According to the sequence mapping results, total of 1313 TPG-NG pairs were obtained. The statistics showed that the classifications of highly similar (TPG-similarity≥0.8), similar

(0.5<TPG-similarity<0.8), and low similar (TPG-similarity≤0.5) are 1004, 179, 130 TPGs, respectively (Figure 3.4). To further understand the biological functions of these TPGs, enriched GO terms and KEGG pathways of TPG-paired NGs were annotated by using DAVID. The enriched KEGG pathways and GO terms with P-value small than 0.001 are presented in Figure 3.5. The results showed that the GO terms in 3 groups of TPG-paired NGs are alike involving in protein binding, nucleic acid binding and nucleotide binding in molecular function-term and cellular metabolic process, biosynthetic process and cellular component assembly in biological process-term, respectively (Figure 3.5). Total of 1000 TPG-NG pairs, there are 288 TPGs with the same probesets of paired NGs, 264 paired NGs with no probesets, and 448 TPGs with the unique probesets in Affymetrix U133A chip. There are 236 TPGs with the same probesets of paired NGs, 262 paired NGs without probesets, and 619 TPGs with the unique probesets in Affymetrix U133Plus2 chip. To detect the expression profiles of TPGs and paired NGs, the intensity of TPG referenced by paired NG with log2

ratio in a number of public gene expression profiles. Hierarchical clustering showed that about half of TPGs (200/448) were highly expressed than its paired NG. in 79 normal tissues (Figure 3.6). Another assessment of gene expression in 61 tumor tissues (GSE2109) showed that nearly half of TPGs (250/619) were highly expressed than its paired NG. (Figure 3.7).

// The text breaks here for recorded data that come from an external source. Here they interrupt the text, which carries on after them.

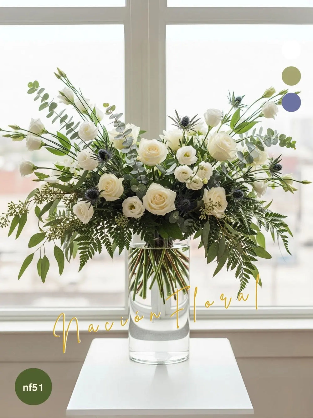 Descubre una elegancia serena y un toque de sofisticación gélida con este impresionante arreglo. Las rosas blancas y los lisianthus blancos se fusionan en un abrazo de pureza, realzado por el distintivo Eryngium azul que aporta un acento único y moderno. El follaje de eucalipto, leather y mini dólar complementa la composición con texturas variadas y un frescor natural. Presentado en un florero cilindro de vidrio alto mediano, este diseño es ideal para quienes buscan un arreglo con carácter y una belleza que irradia calma y distinción.
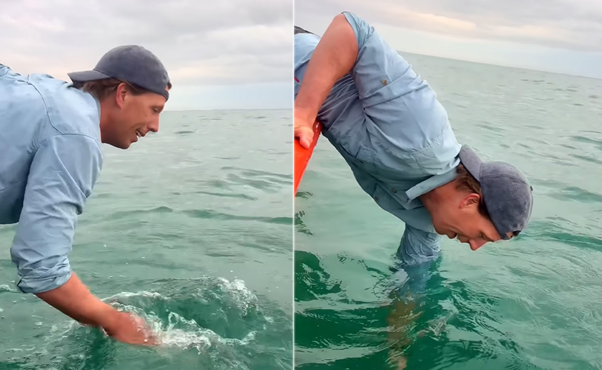 पानी में से अचानक निकल आया ये जीव (Man touch whale with hand viral video)
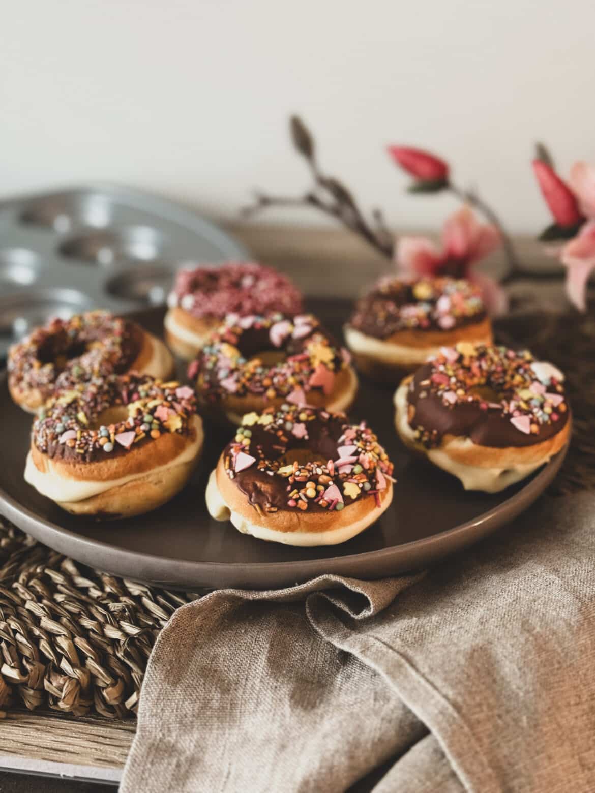 - Die Donutbackform auf mittlerer Schiene in den Backofen geben und die Donuts 12-15 Min. goldbraun backen. Nach dem Backen die Donuts aus der Form nehmen und auf dem Kuchengitter abkühlen lassen.
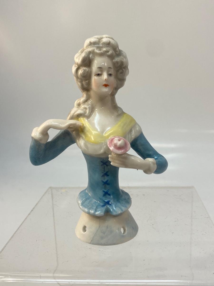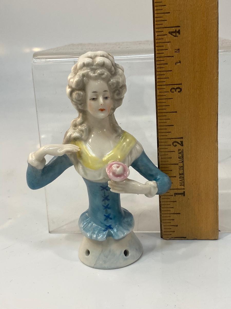 Vintage Antique Ceramic Victorian Lady with Flower Pincushion Half Doll
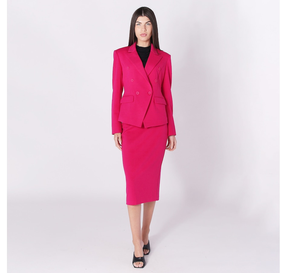 Elevate your look in classic style wearing this gorgeous jacquard pencil skirt from Badgley Mischka. A signature piece for the designer, it pairs beautifully with the companion blazer for a complete suit look. Its versatility makes it an ideal piece for almost any occasion.
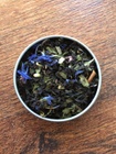 The base of the tea is a very rich black with some slight astringency in the aftertaste. Touches of bergamot play across the tongue, but it is not strong or overwhelming (which is actually surprising to me; there is a lot of other flavor in this tea, and one of my main problems with bergamot is that in most cases, it completely takes over a tea). The bergamot mixes with a strong presence of spearmint, which dominates the forefront of the sip, creating a minty flavor with a slightly citrusy edge, but the finish of the sip is more of a sweeter blueberry flavor; a hint of the blueberry and vanilla flavors come out right at the end, after the stronger mint and bergamot notes have cleared the mouth, and don’t really make themselves known until you notice it there in the aftertaste.
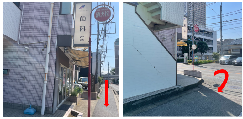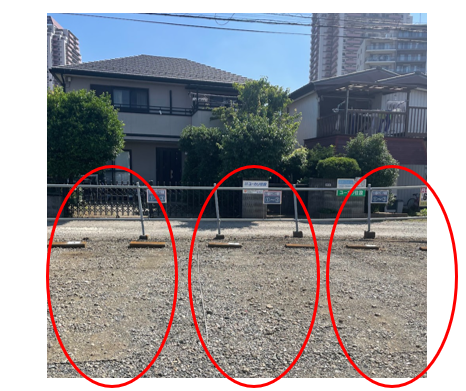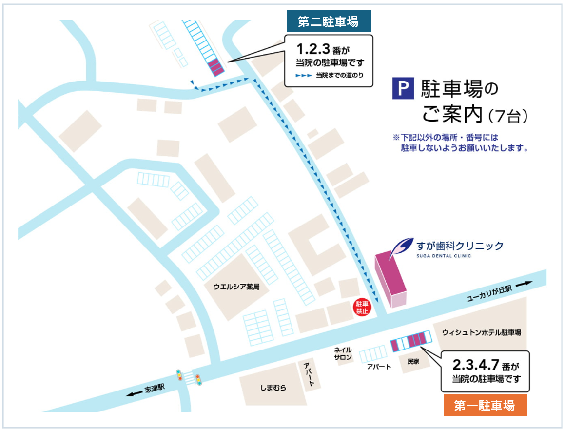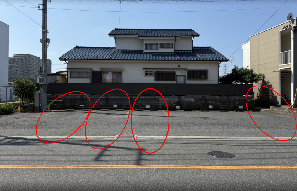 赤丸で囲った2.3.4.7番が当院の駐車場です。
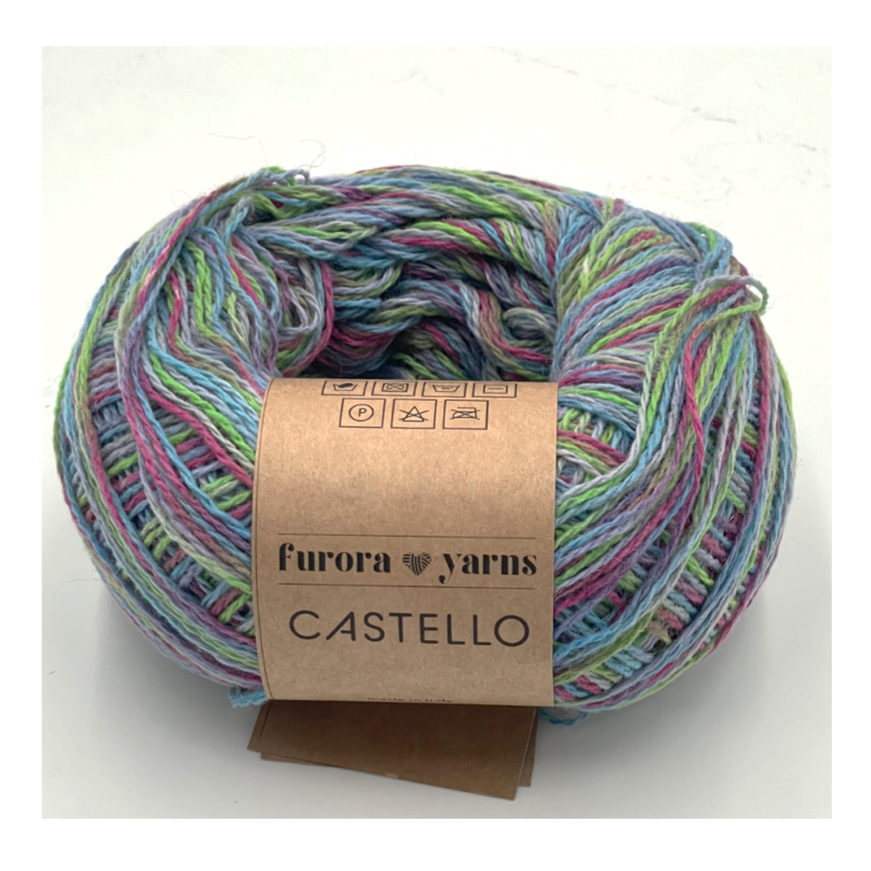 Castello to wełniana mięciutka włóczka z naszej kolekcji sezonowej z dodatkiem poliamidu. Doskonała na wyroby skarpetkowe, ale nie tylko. Wystarczy dodać cieni moherek, aby powstały bajeczne połączenia. W motku 100g znajduje sie 450m – na druty 2-3mm. Na sweter w rozmiarze M wystarczy 3-4 motki, na parę skarpetek 1 motek. Po praniu włóczka nabiera objętości i lekkości. Skład: 70% wełna, 30% poliamid.

Figure 3.3 Gene expression profiles of TPGs. (a) Expression heat-map of TPGs in pair of cancers compared to non-malignant tissues. (b) TPGs expression profiles in the tumor tissues/cells referenced by normal liver tissues.

Figure 3.6 Gene expression profiles of TPGs referenced by its paired NG in 79 human physiologically normal tissues.